- Occupations: Entrepreneur, philanthropist, investor
- Website: www.carmenbusquets.com

= Carmen Busquets =

Venezuelan entrepreneur

Carmen Busquets is a Venezuelan entrepreneur, philanthropist and investor who was an early champion of the fashion-tech space. She was the co-founder and founding investor in Net-a-Porter. Since 1992, Busquets has invested £50 million in fashion-tech companies in the United Kingdom and the United States, generating an estimated 10,000 jobs.

Busquets opened a boutique named Cabus in Caracas, Venezuela in 1990. With returns from technology stocks that she sold prior to the 2000 "dot-com" crash, she became a co-founder and founding investor in Net-a-Porter after meeting founder Natalie Massenet. Busquets also had a belief Net-a-Porter would be successful having previously sold luxury fashion to clients via photographs through her boutique, Cabus in the pre-internet age.

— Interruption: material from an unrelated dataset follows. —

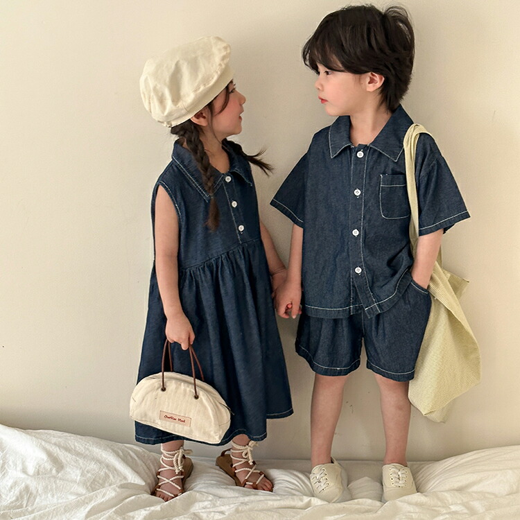 キッズ 子供服 こども服 子ども服 ベビー服 ジュニア ジュニア服 男の子 男児 ボーイズ boys 女の子 女児 ガールズ girls 男女兼用 ユニセックス 幼児 園児 小学生 低学年 中学年 高学年 アパレル 洋服 夏服 デニム デニム服 ワンピース デニムワンピース ノースリーブ 襟付き Aライン フレア セットアップ 上下セット 2点セット 半袖 半袖シャツ デニムシャツ ショートパンツ ハーフパンツ 短パン 半ズボン ウエストゴム ステッチ 白ステッチ フロントボタン 前開き ポケット リンクコーデ シミラールック ペアルック お揃い おそろい 兄弟 姉弟 姉妹 双子 兄妹 おしゃれ お洒落 かっこいい かわいい 可愛い 大人っぽい シンプル ナチュラル カジュアル 韓国 韓国服 韓国子供服 インディゴ ネイビー 紺 濃紺 デニム 綿 コットン 80cm 90cm 100cm 110cm 120cm 130cm 140cm 150cm 春 夏 秋 春夏 通園 通学 保育園 幼稚園 小学校 お出かけ 遊び着 外遊び 旅行 海 プール キャンプ アウトドア テーマパーク 遊園地 デイリー 普段着 プレゼント ギフト 贈り物 誕生日 バースデー 夏休み 写真撮影 記念撮影

Net-a-Porter's sale to Compagnie Financière Richemont in 2010 netted Busquets over 16 times her initial investment. In 2012, Busquets founded Cabus Venture, a dedicated investment vehicle to finance entrepreneurs within the luxury and fashion community and commerce offerings. She was an early investor in New Age pioneer Deepak Chopra in the 1980s. Busquets is known as a vocal proponent of sustainability, focussing on impact investment and sustainable businesses.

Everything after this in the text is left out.